= Recorded information =
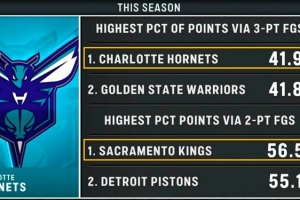 本賽季黃蜂三分命中數占比聯盟最多 國王兩分命中數占比聯盟最多
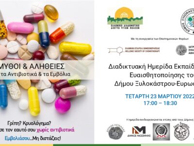 Τετάρτη 23/3/22 και ώρα 17:00-18:30 θα πραγματοποιηθεί η εκδήλωση με θέμα «Μύθοι και Αλήθειες για τα Εμβόλια και τα Αντιβιοτικά.»
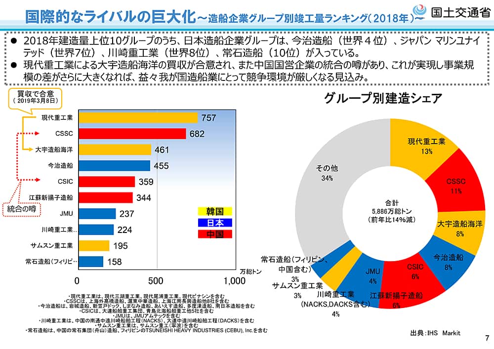 しかし、規模粛清をよぎなくされ今では韓国の1/10くらいだ。日本の造船業は終わった。日本の全造船企業を合算しても韓国内3位にも入れない。
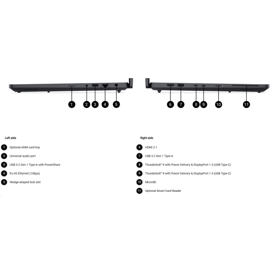 | 4 cell, 64Whr, standard battery, 100W AC adapter, USB Type C |
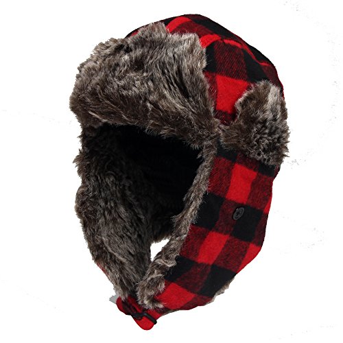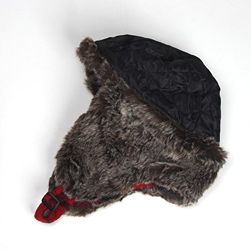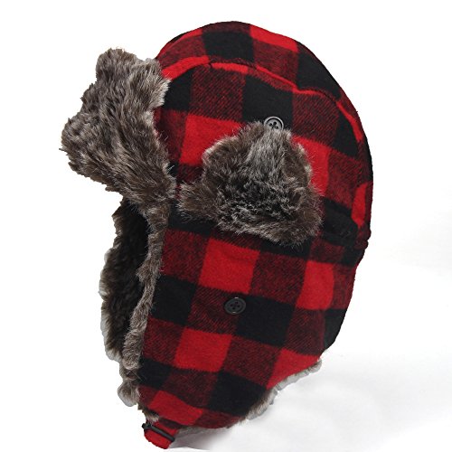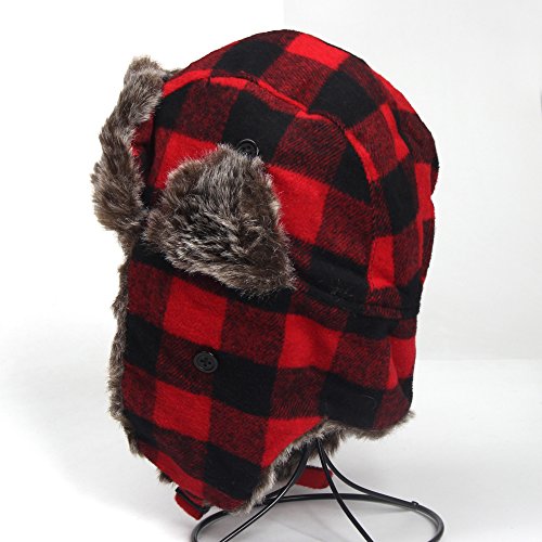 (DONGKING)/Accessories/Hats/DIRECT FROM USA/DONGKING Wool Blend Trapper Bomber Hat Earflap Cap Red Plaid Faux Fur Outdoor Winter Hat For Women
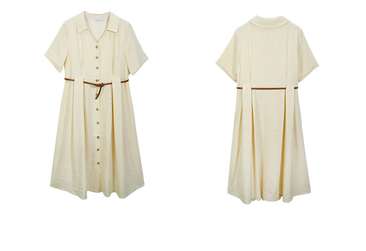【法式氣質收腰顯瘦剪刀領連衣裙】纖莉秀大碼女裝胖mm2025夏新款
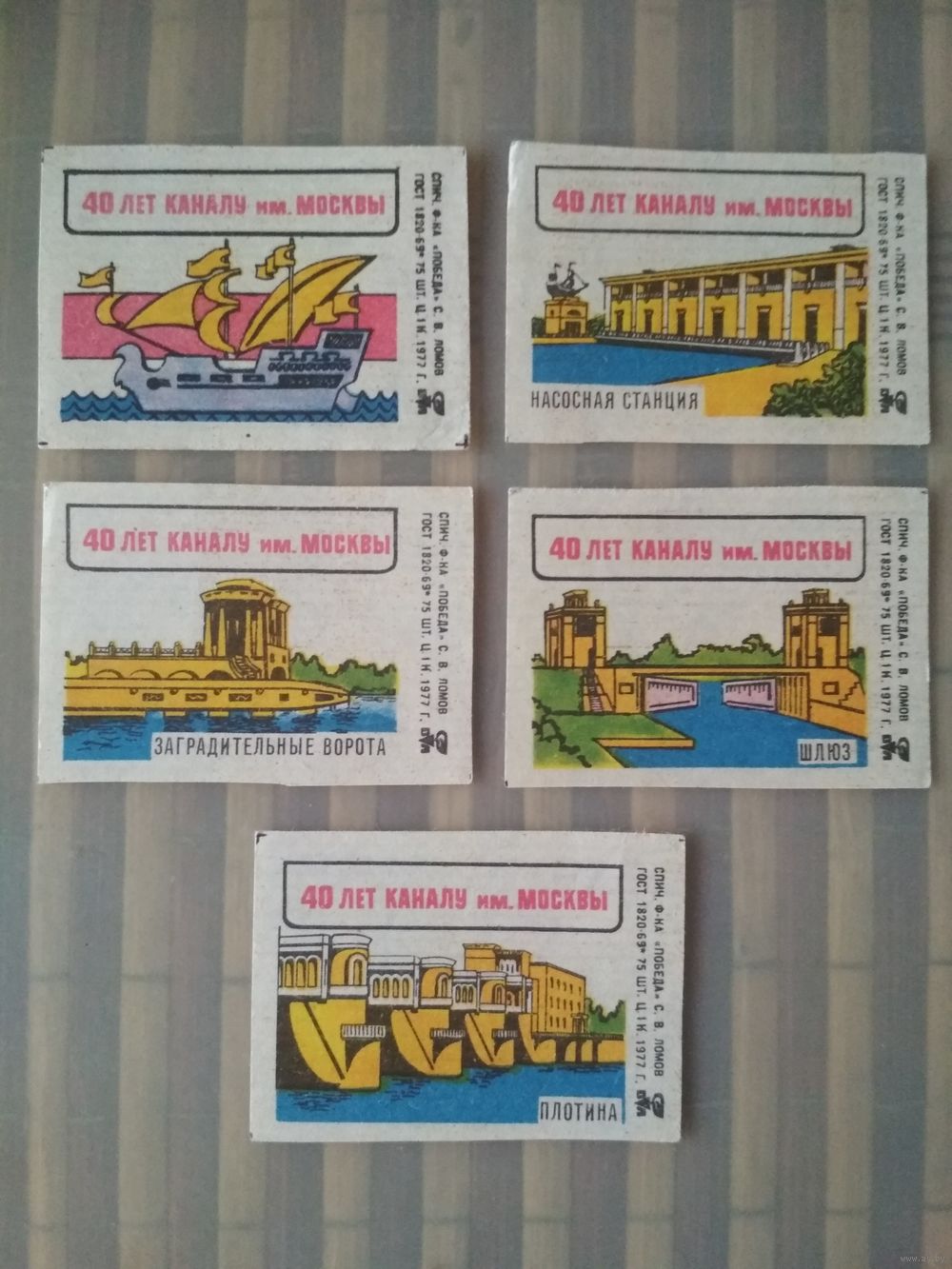 Спичечные этикетки ф.Победа. 40 лет каналу им. Москвы. 1977 год
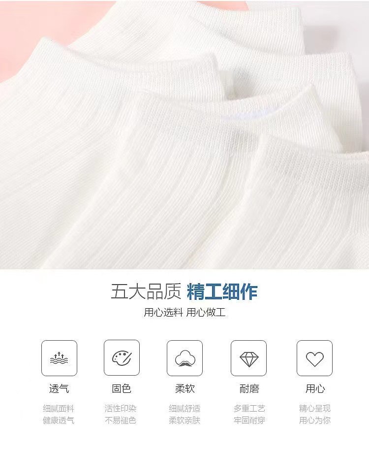 White Socks for Women, Summer Short Socks, Odor-Resistant, Low-Cut, Solid Color, Thin, Invisible Socks, Short Tube Socks, Preppy Style White Socks
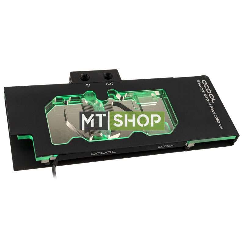 The world-renowned manufacturer, Alphacool, offers the Eisblock GPX a very noble and high-quality full cover water cooler for your graphics card. The Eisblock GPX is available in two versions; An eye-catching version with a plexiglass window with RGB lighting to really show off or a simple but elegant version made of acetal. Both coolers are based on an identical copper heat sink, which is completely nickel-plated. The surface area where the water flows is very large, so that all components that give off heat are actively cooled with water which increases performance. The 35 fins of the cooler are only 0.6 mm thick and cover even large GPUs completely. The large cooling surface is also ideal for graphics cards with HBM memory. The optical highlight of the Plexi variant, besides the very large window, of course also the complete and integrated RGB lighting. This is compatible with ASUS Aurora Sync, Biostar VIVID LED DJ, Gigabyte RGB Fusion or MSI Mystic. But pay attention to the connection on your mainboard. You may need a Male-to-Female adapter for some motherboards. With the Alphacool Eisblock GPX full cover water cooler for your graphics card you get a high-quality cooler with excellent cooling performance. You have the choice between a simple but noble black acetal version or a striking, wonderfully illuminated and chic plexi version with a large viewing window. Compatibility ASUS Dual GeForce RTX 2080 OC, DUAL-RTX2080-O8G, 8GB GDDR6 (90YV0C30-M0NA00) ASUS Turbo GeForce RTX 2080, TURBO-RTX2080-8G, 8GB GDDR6 (90YV0C31-M0NM00) EVGA GeForce RTX 2080 XC Gaming, 8GB GDDR6 (08G-P4-2182-KR) EVGA GeForce RTX 2080 XC Ultra Gaming, 8GB GDDR6 (08G-P4-2183-KR) Gigabyte GeForce RTX 2080 Windforce OC 8G, 8GB GDDR6 (GV-N2080WF3OC-8GC) Palit GeForce RTX 2080 GamingPro OC, 8GB GDDR6 (NE62080S20P2-180A) INNO3D GeForce RTX 2080 Gaming OC, 8GB GDDR6 (N20803-08D6X-1180VA24) INNO3D GeForce RTX 2080 Jet, 8GB GDDR6 (N20801-08D6-1180651) The Alphacool Eisblock GPX-N Plexi Nvidia Geforce RTX 2080 M01 is not compatible with the new NVLink Bright from Nvidia! If you are looking for an NVLink Bridge compatible cooler, please order the new Alphacool Eisblock GPX-N Plexi Light Nvidia Geforce RTX 2080 M01 (item no. 1015775) or the Alphacool Eisblock GPX-N Acetal Nvidia Geforce RTX 2080 M01 (item no. 1015770). ATTENTION: The cooler is only compatible with connections with a maximum thread length of 5 mm. Scope of Delivery Alphacool Eisblock GPX-N Plexi Nvidia Geforce RTX 2080 M01 Mounting material Thermal pads Thermal paste SLI compatible module 2x screw plug

= Work instruction =
Starting at the line above that holds "(DONGKING)/Accessories/Hats/DIRECT FROM USA/DONGKING", return each line up to and including the one that holds "White Socks for", exactly as written, minus any pictures.

= Expected answer =
 (DONGKING)/Accessories/Hats/DIRECT FROM USA/DONGKING Wool Blend Trapper Bomber Hat Earflap Cap Red Plaid Faux Fur Outdoor Winter Hat For Women
【法式氣質收腰顯瘦剪刀領連衣裙】纖莉秀大碼女裝胖mm2025夏新款
 Спичечные этикетки ф.Победа. 40 лет каналу им. Москвы. 1977 год
 White Socks for Women, Summer Short Socks, Odor-Resistant, Low-Cut, Solid Color, Thin, Invisible Socks, Short Tube Socks, Preppy Style White Socks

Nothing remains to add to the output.